This decrease reflects our first quarter investment of $15.3 million in connection with the option agreement entered into with eNeura. We have no debt outstanding and are in the process of renewing our credit facility, which we expect to have completed prior to its August 30th expiration.
Year-to-date cash flow from operations was $9 million compared to $17.9 million for 2014. The decrease of approximately $8.9 million is primarily due to the change in working capital accounts.
Year-to-date capital expenditures for 2015 were $13.6 million versus $6.3 million in the prior year, an increase of $7.3 million due primarily to our Bluecore investment. We'd previously indicated that we would incur $20 million to $25 million of capital expenditures in 2015.
And because we're able to capitalize more Bluecore costs than we originally anticipated, we now expect capital expenditures to be between $24 million and $29 million for the full-year 2015.
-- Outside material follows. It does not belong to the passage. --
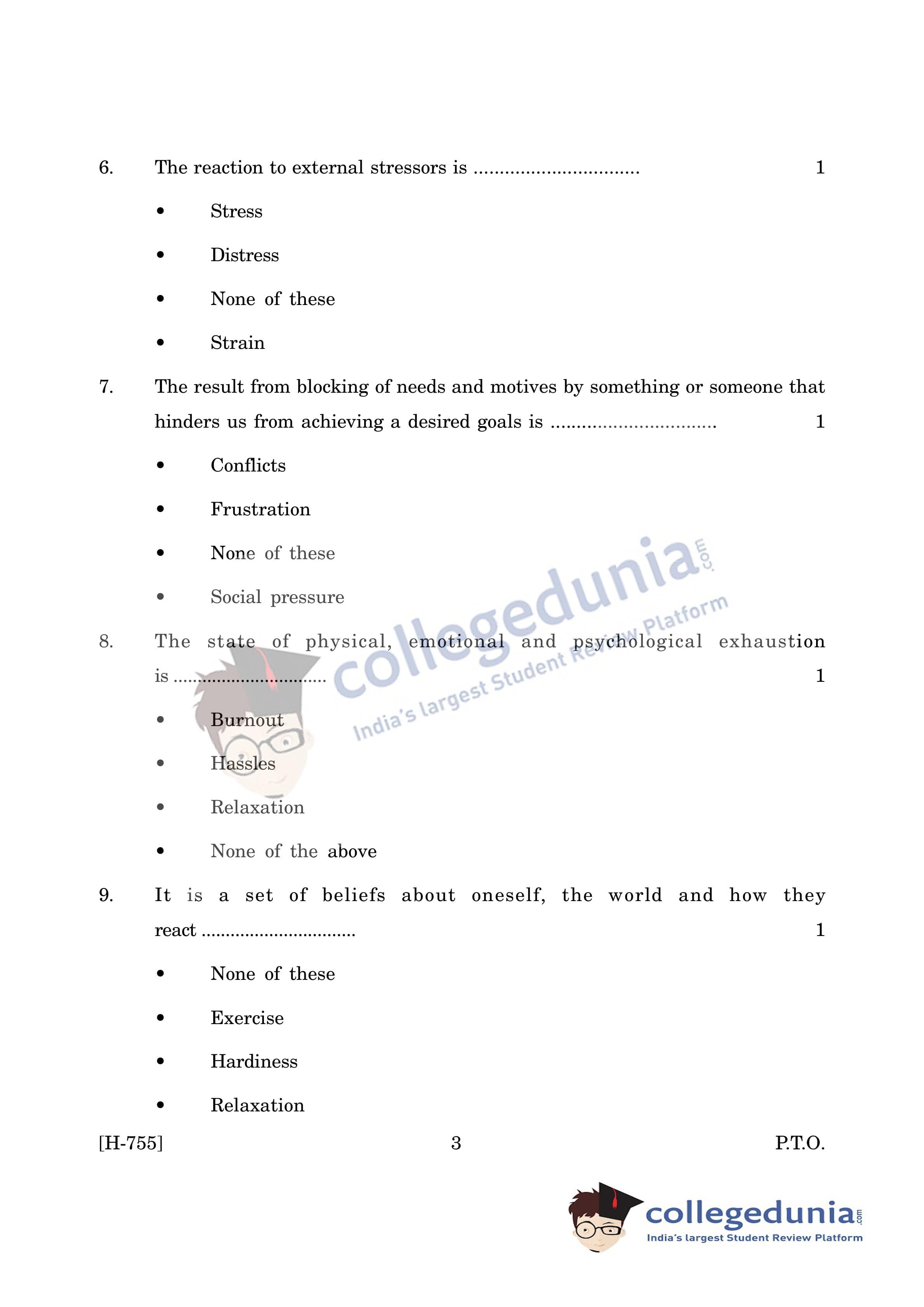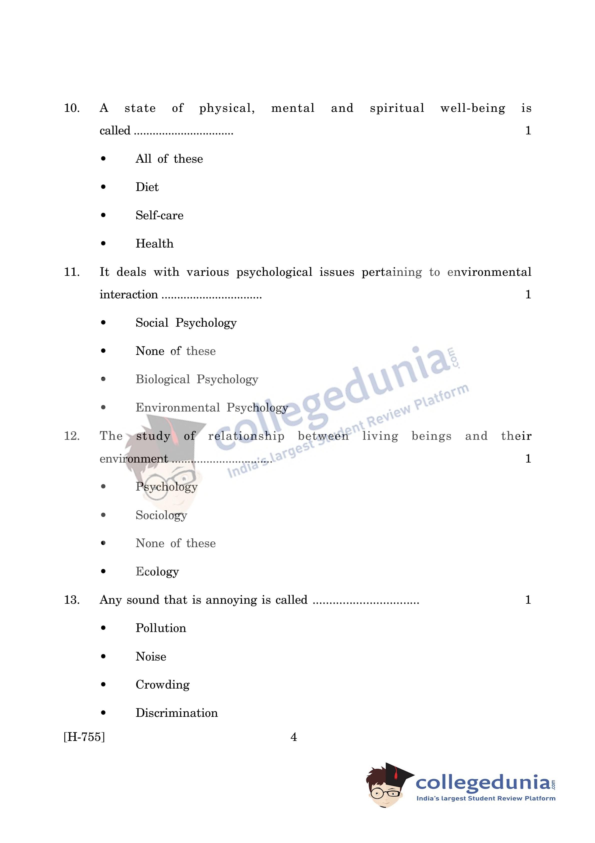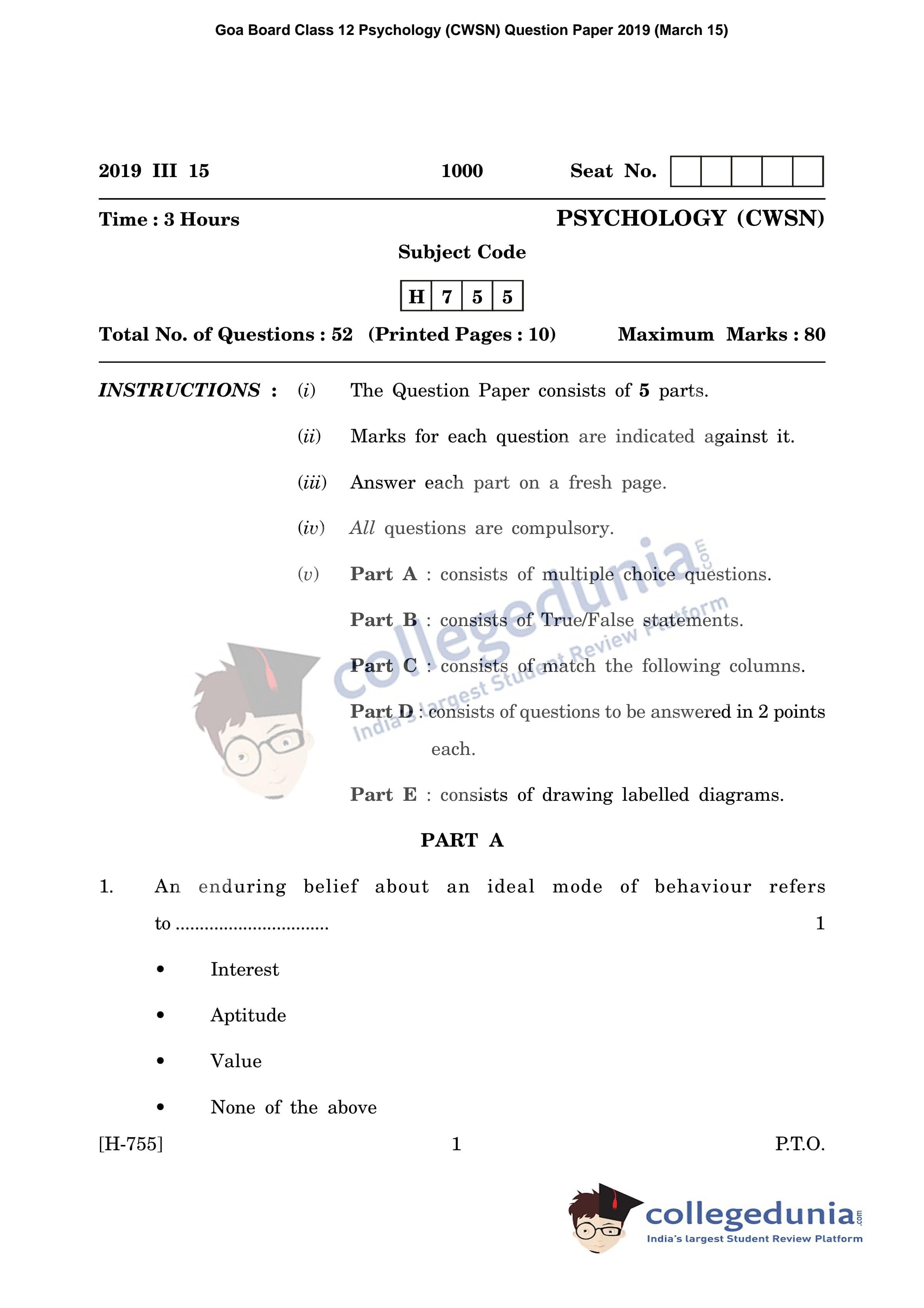 Goa Board HSSC Psychology (CWSN) Question Paper 2019 with Answer Key (March 15)

As you would expect, we will see downward pressure on our free cash flow this year due to our increased capital expenditures as well as our OpEx investment in Bluecore and our lower adjusted EBITDA. I will now turn it back to Brad..
Thanks, Doug. I will now share our thoughts on the remainder of 2015. Throughout the remainder of the year, we will stay focused on our three primary objectives, optimizing our sales channel, investing in core technologies, and improving our infrastructure and control environment. In addition, our capital deployment strategy is unchanged.
We will continue to invest in research and development, infrastructure improvements, tuck-in product acquisitions, and consider additional options to accelerate shareholder value, utilizing our available capital, including stock repurchases.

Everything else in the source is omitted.